By: BrettH (zeero) 2011-01-12 19:19:36.000-0600

When I detach gdb it seems to kill the asterisk process. I have restarted asterisk with "/usr/sbin/asterisk -f -vvvg &" and the processor utilisation is back to 1%. I expect the high CPU utilisation to start reoccuring within the next 3 weeks.

When the issue reoccurs, I can create a cron to collect "asterisk -rx 'core show locks'" every minute. Is there any other compile flags or commands we can use to gather additional information?

Thanks
Zee

By: Stefan Schmidt (schmidts) 2011-01-13 03:43:28.000-0600

your snmp looks like you have cached a deadlock but not bad enough to kill the whole system.
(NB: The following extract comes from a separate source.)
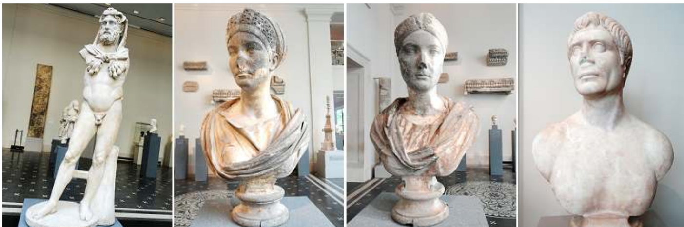
❶ Estatua de mármol de un Hércules barbudo. 68-98 d.C. Periodo Flaviano. ❷ Mármol retrato del busto, probablemente de Matidia el más joven, hermana de la emperatriz Sabina. 122-128 d.C. Periodo Andriano. ❸ Mármol retrato del busto de la emperatriz Sabina. 122-128 d.C. ❹ Mármol retrato del busto de un hombre. 110-120 d.C. periodo Trajano.

why do you use the do not fork option -f? any special reason for this?

you should try to use safe_asterisk then IMHO gdb will not kill the process.
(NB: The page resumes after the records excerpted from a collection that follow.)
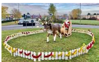
Conegliano, rotonde senza addobbi a causa della burocrazia. Marcon: un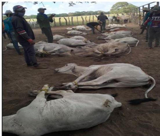
Herrado de mautes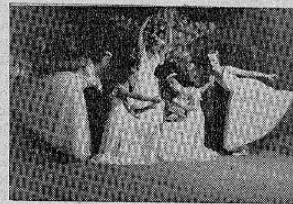
Grupo de distinguidas alumnas en una brillante presentación del Ballet

Rendimos un aplauso cordial a los profesores Katchourovsky y Tchernova por la grandiosa obra cultural artística que están realizando, mediante una devoción profunda por el arte, y esperamos que en fecha no lejana coronen su grandiosa obra con el éxito que su esfuerzo y su talento merecen.

if this happens again try to catch the core show locks in the console not with a cron job, cause every minute will not be often enough.

thx

stefan

By: BrettH (zeero) 2011-01-13 21:12:24.000-0600

Hi Stefan,

The issue has reoccured again after 3 days. I had no special reason for using the -f switch when starting asterisk, however I have now restarted it using safe_asterisk and the default switches. I have attached all the new debug and log information, these files are suffixed with "--2.txt". I collected the output of "core show locks" and spammed this command for approximately 5 minutes.

Rgds
Zee

By: BrettH (zeero) 2011-01-22 00:29:15.000-0600

Hi,

Any other suggestions/recommendations?

Thanks
Zee

By: BrettH (zeero) 2011-02-01 07:30:17.000-0600

I'm at a loss on what additional things I can try to resolve this issue as this is production server. Is there a production ready version available (1.6 perhaps ?) that is easier to troubleshoot or do I need to contact a developer to consult for a fee?

Cheers
Zee

By: BrettH (zeero) 2011-02-07 23:36:18.000-0600

Attached "capture3.txt"

I may be grasping at straws but the output of:
"core show threads"
"lsof -p 25127"
"netstat -napo"

^ Seem to indicate that some TCP connections are not getting closed down or cleaned up correctly ?

By: Sean Bright (seanbright) 2019-04-09 12:32:57.283-0500

I'm not able to reproduce this with Asterisk 13 (the oldest version of Asterisk still supported). If you are able to reproduce this in Asterisk 13, please re-open by commenting on this ticket.